HAPPYNESS?

111 5 0
                                    


I love being alone and look at a great view

But suddenly my heart ask, do I really happy?

Then I realise that a pieces of my mind think about you

Akhirnya aku kembali ke jalanan Jakarta, setelah dua jam penerbangan. Selama penerbangan ke Jakarta, aku tidak bisa memejamkan mataku, sekalipun tubuh terasa begitu lelah. Fikiranku seperti tidak ikut pulang bersama diriku. Berlibur di Gili Trawangan dan tidak sengaja bertemu dengan Bhumi yang juga sedang berlibur bersama dengan teman – temannya. Menghabiskan beberapa hari dengan Bhumi dengan lebih intens dibanding dengan yang kami lakukan di Jogja kemarin. Menikmati sunrise dan sunset bersama dengan Bhumi ternyata cukup menyenangkan. Sekali lagi, Bhumi seperti hadir menjadi sosok yang dapat membaca bagaimana suasana hatiku. Ia seperti dapat mengetahui bahwa aku tidak terlalu berada di tengah keramaian orang – orang yang sedang menikmati club malam dan mengajakku untuk bersepeda mengelilingi pulau. Ia juga seperti bahwa aku suka menikmati sunrise dan sunset dengan keheningan. Bukan kah aku selalu suka menikmati momenti dengan keheningan. Hanya ada di dalam moment itu, tidak banyak berbicara. Hanya melihat apa yang ada di sekitarnya. Menghirup udaranya perlahan dan menikmatinya. Mengenali bagaimana aromanya. 'Menikmati moment' begitulah aku menyebutnya. Menikmati hal yang ada di sekitar tanpa memikirkan apapun. Hanya melihat, I know, it sounds freak. But I love to do it.
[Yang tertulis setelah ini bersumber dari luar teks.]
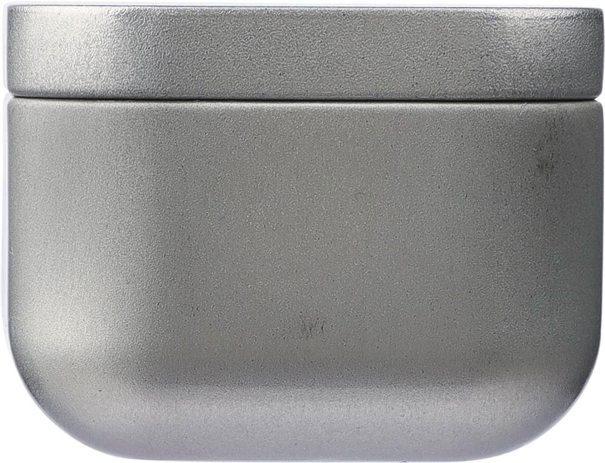 Vela en un tarro de metal con tapa, aroma a vainilla. Contiene 40 gramos de cera. Tiempo de combustión aprox. 10 horas. Presentada en una caja de cartón marrón.
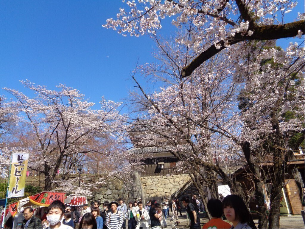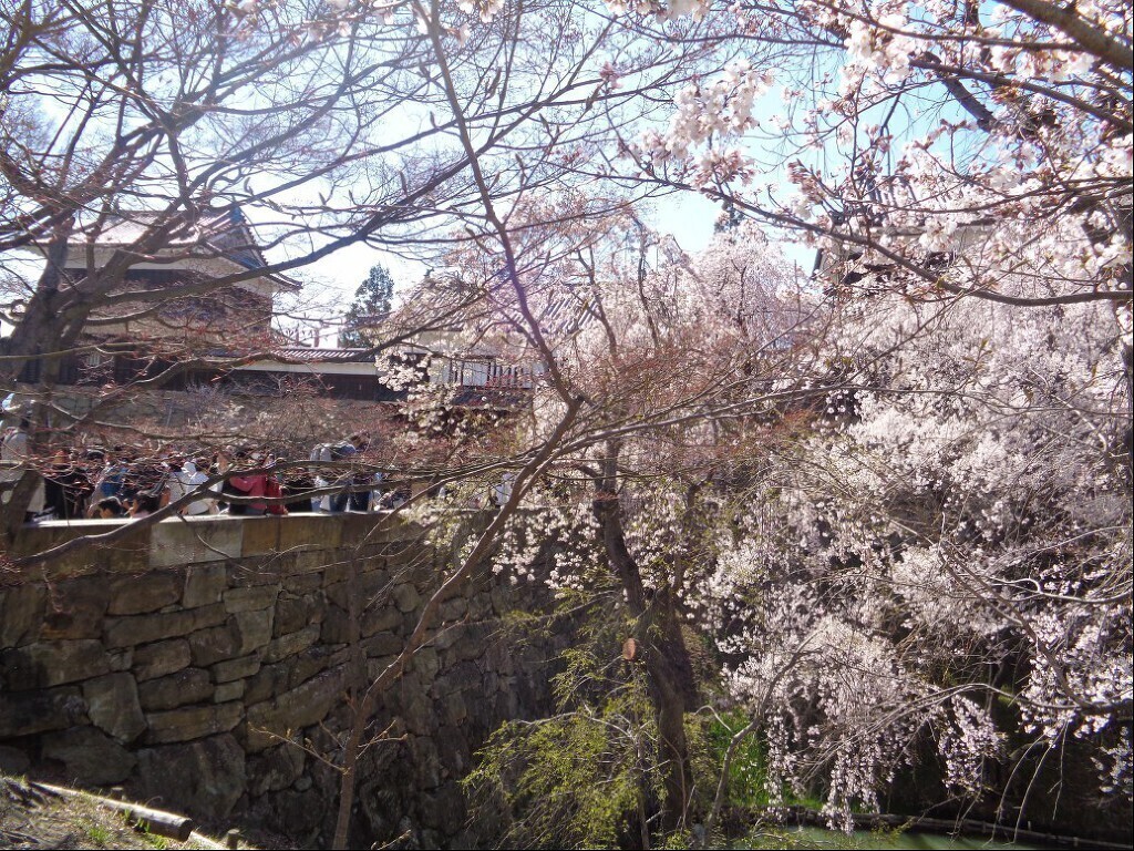 해자였던 강에 놓인 다리 를 건너 성 안으로 들어서는데 벚꽃 이 만개한게 볼만합니다.
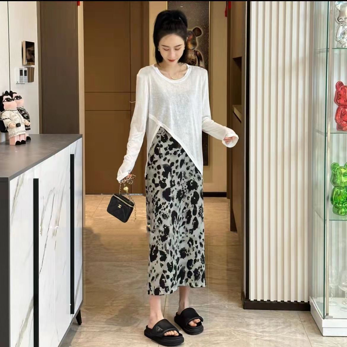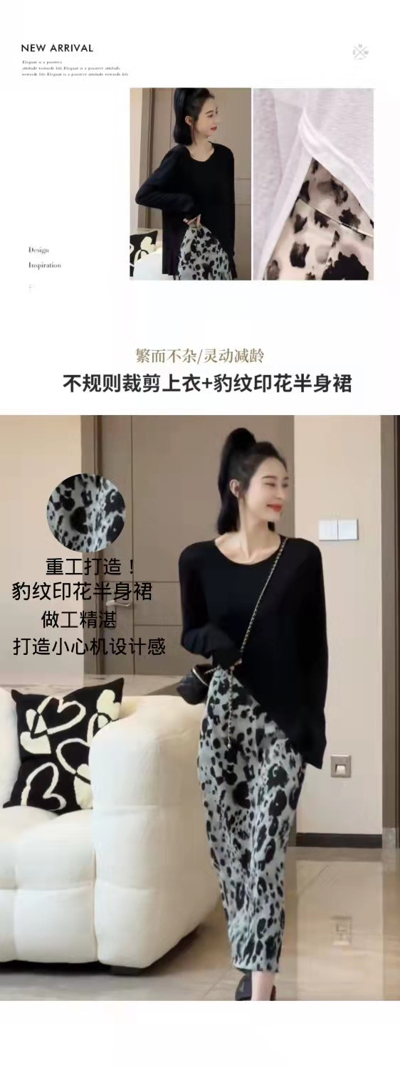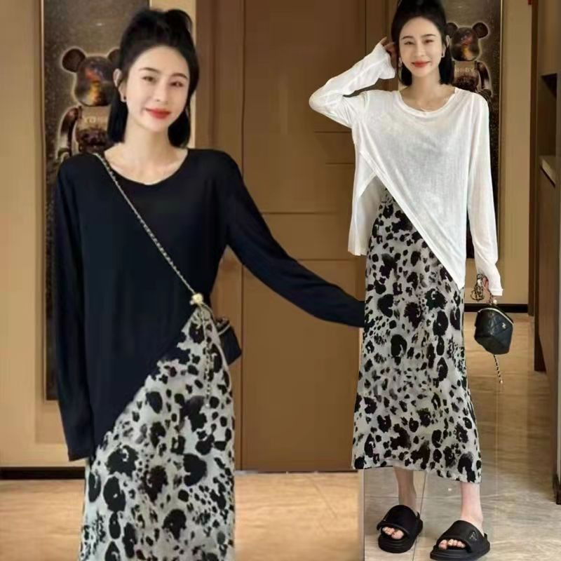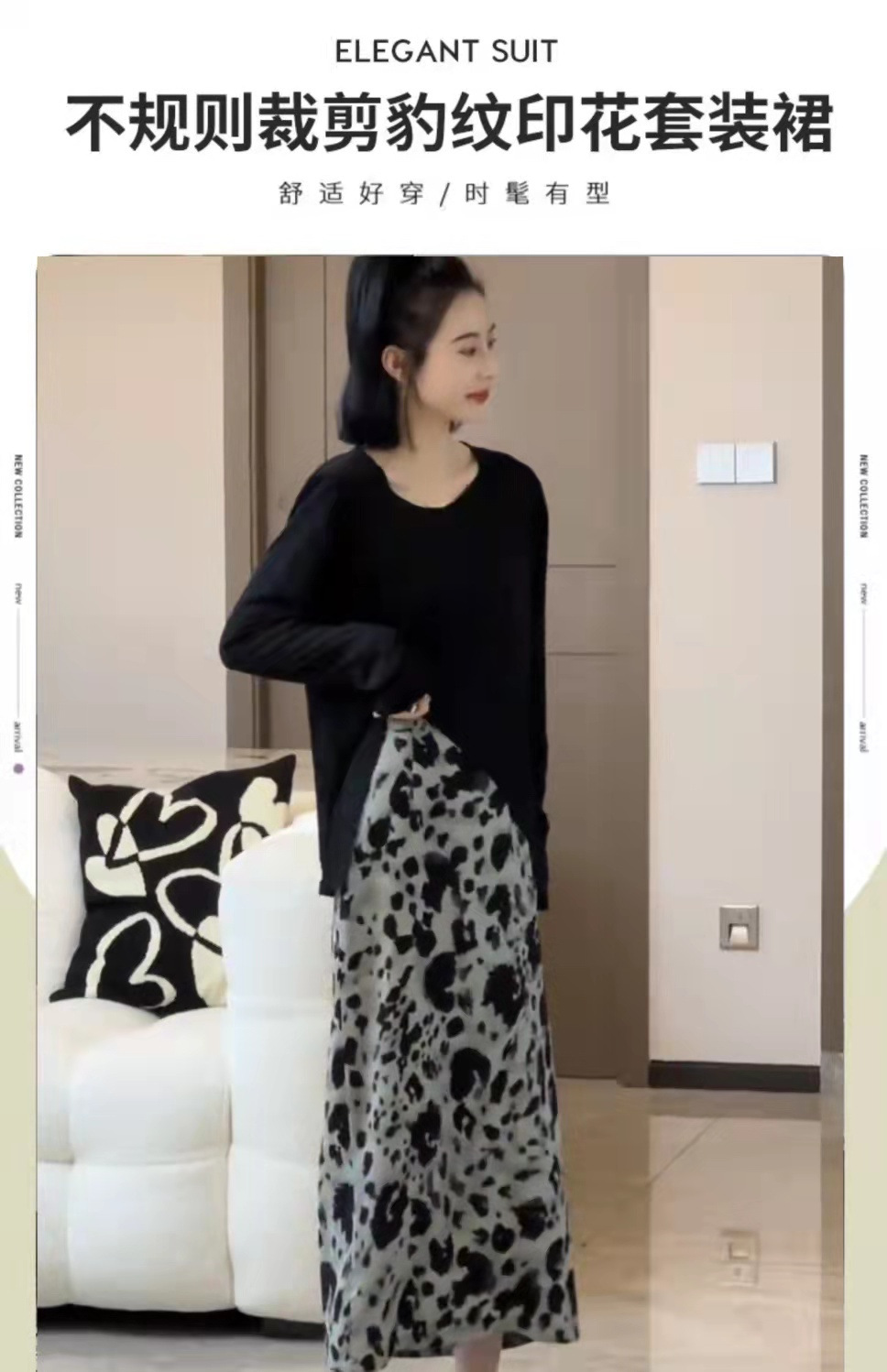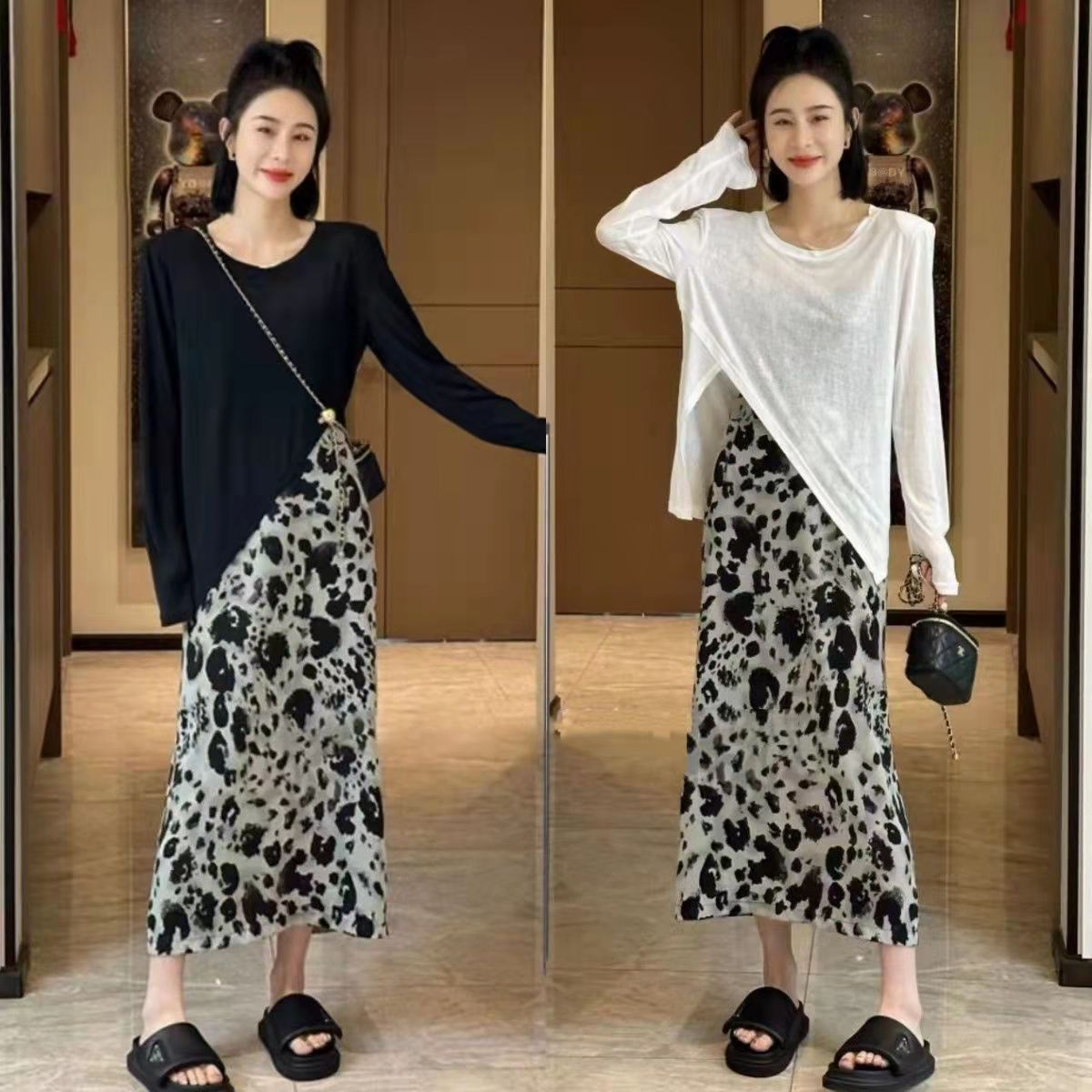 여성용 2024 여름 신작 패션 불규칙한 자외선 차단제 긴팔 티셔츠 레오파드 프린트 스커트 유럽 투피스 세트스토어 가기

Jarum jam dinding ruang tengah sudah menunjukkan pukul dua belas malam kurang lima menit, tapi aku masih belum juga mampu terpejam dan masih duduk di meja makan sambil menatap ke arah luar apartemen, sementara Andin sudah terlelap sejak tadi di kamarnya. Langit malam ini sepertinya sedang mendung. Tidak ada bintang yang terlihat sejak aku dan Andin sampai di Apartemen.

What are you doing, Bhum? Have you a safe flight?

Aku baru saja menyeruput teh terakhir yang masih tersisa di cangkir saat handphone-ku berdering. Bhumi. Demikian lah nama yang muncul di layar. Semesta seperti sedang bermain denganku saat ini. Baru saja aku memikirkan tentang lelaki yang beberapa hari kemarin menemaniku menikmati sunrise. Lelaki yang tiba – tiba memelukku saat kami tengah menikmati sunrise. Lelaki yang harus aku akui, dapat membuatku kembali merasakan bagaimana rasanya cemas saat akan bertemu dengannya. Bagaimana tiba – tiba badanku terasa dingin saat tubuhnya begitu dekat dengan tubuhku. Lelaki yang nafasnya dapat aku rasakan begitu dekat. Lelaki yang membagi cerita tentang pekerjaannya, kesehariannya dan dunianya kepadaku dengan begitu ringan dan aku merasa ia tidak pernah melebih – lebihkan hal – hal yang diceritakannya kepadaku. Lelaki yang dapat membuatku kembali tersenyum setiap telfon darinya baru saja ditutup. Aku masih belum yakin dengan apa yang aku rasakan. Di satu sisi aku merasa bahwa Bhumi dapat membuatku tertawa dan bahagia. Namun di sisi lain, aku takut hanya menjadikan Bhumi sebagai tempat pelarianku dan obat atas semua rasa sakitku. Aku takut jika nantinya Bhumi akan melakukan hal yang sama seperti yang dilakukan Bayu padaku. Menyerah dan lebih memilih perempuan lain daripada memperjuangkan masa depan bersamaku.

"You had a safe flight, right?" suara Bhumi dari seberang terdengar sedikit serak. Mungkin ia kelelahan dan sebenarnya sudah mulai mengantuk.

Aku tertawa kecil menanggapi kalimat pertama Bhumi di telefon kali ini. There's any hallo. Tidak jarang Bhumi langsung mengatakan apa yang dingin dia katakan di telefon atau pun saat kami berhadapan langsung. He's a straightforward person, I think. "Do you still on holiday tomorrow?" mungkin percakapan kami terdengar aneh. Kami seperti tidak menanggapi kalimat lawan bicara sebelumnya. Tapi kami merasa tidak perlu selalu menanggapi kalimat lawan bicara sebelumnya dengan kalimat lugas.